Personal information
- Full name: Eduardo Jorge Bacil Filho
- Nickname: Anjinho
- Born: March 11, 1971 (age 54)
- Hometown: Rio de Janeiro, Brazil
- Height: 6 ft 2 in (188 cm)
- College / University: Estácio de Sá University

National team
| 1988–1992 | Brazil |

= Anjinho Bacil =

Brazilian volleyball player (born 1971)

Eduardo Jorge "Anjinho" Bacil Filho (born March 11, 1971) is a Brazilian former indoor volleyball and beach volleyball player.

==Career==

Anjinho played with the Brazilian national volleyball team from 1988 to 1992.

Anjinho was the first Brazilian and the first foreign player ever to win an Association of Volleyball Professionals (AVP) tournament in America. He won his first AVP title in 1995 in Washington, DC, partnering with José Loiola. In 2001, he earned his first title with partner Scott Ayakatubby at the Huntington Beach Open. In his career, he won $580,000 in prizes as a beach volleyball player.
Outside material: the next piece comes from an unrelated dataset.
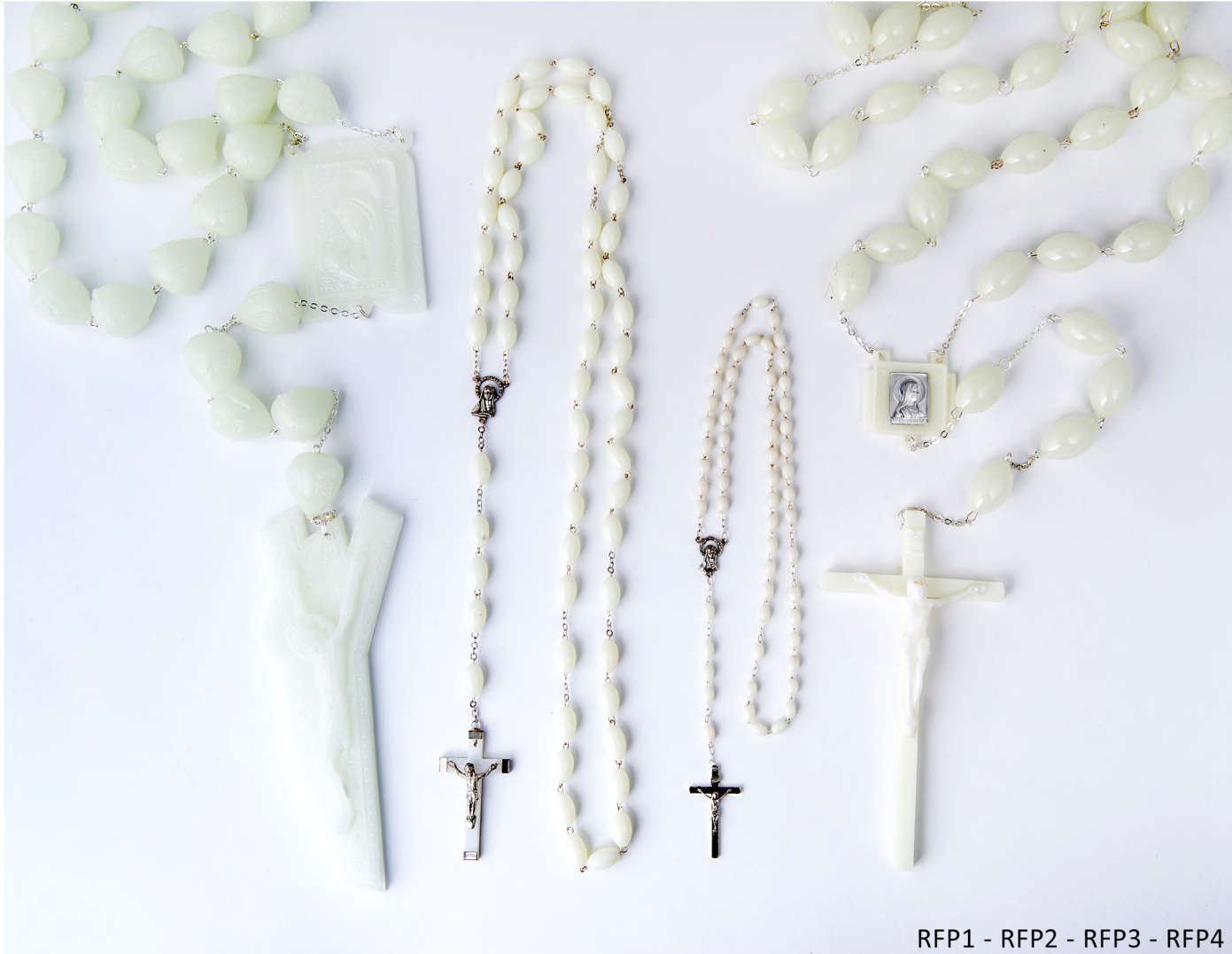
RFP1 - RFP2 - RFP3 - RFP4

Fellow AVP alumnus Stein Metzger has given Anjinho credit for inventing the "Steino pokey shot".

==Coaching==

Since his retirement, Anjinho has offered beach volleyball coaching clinics to youth. He has also coached volleyball at El Segundo High School in El Segundo, California.

==Personal life==

Eduardo Jorge Bacil Filho is his full name, but his nickname is "Anjinho", which is Portuguese for "little angel". He is from Copacabana Beach, Rio de Janeiro, Brazil. Anjinho has three children.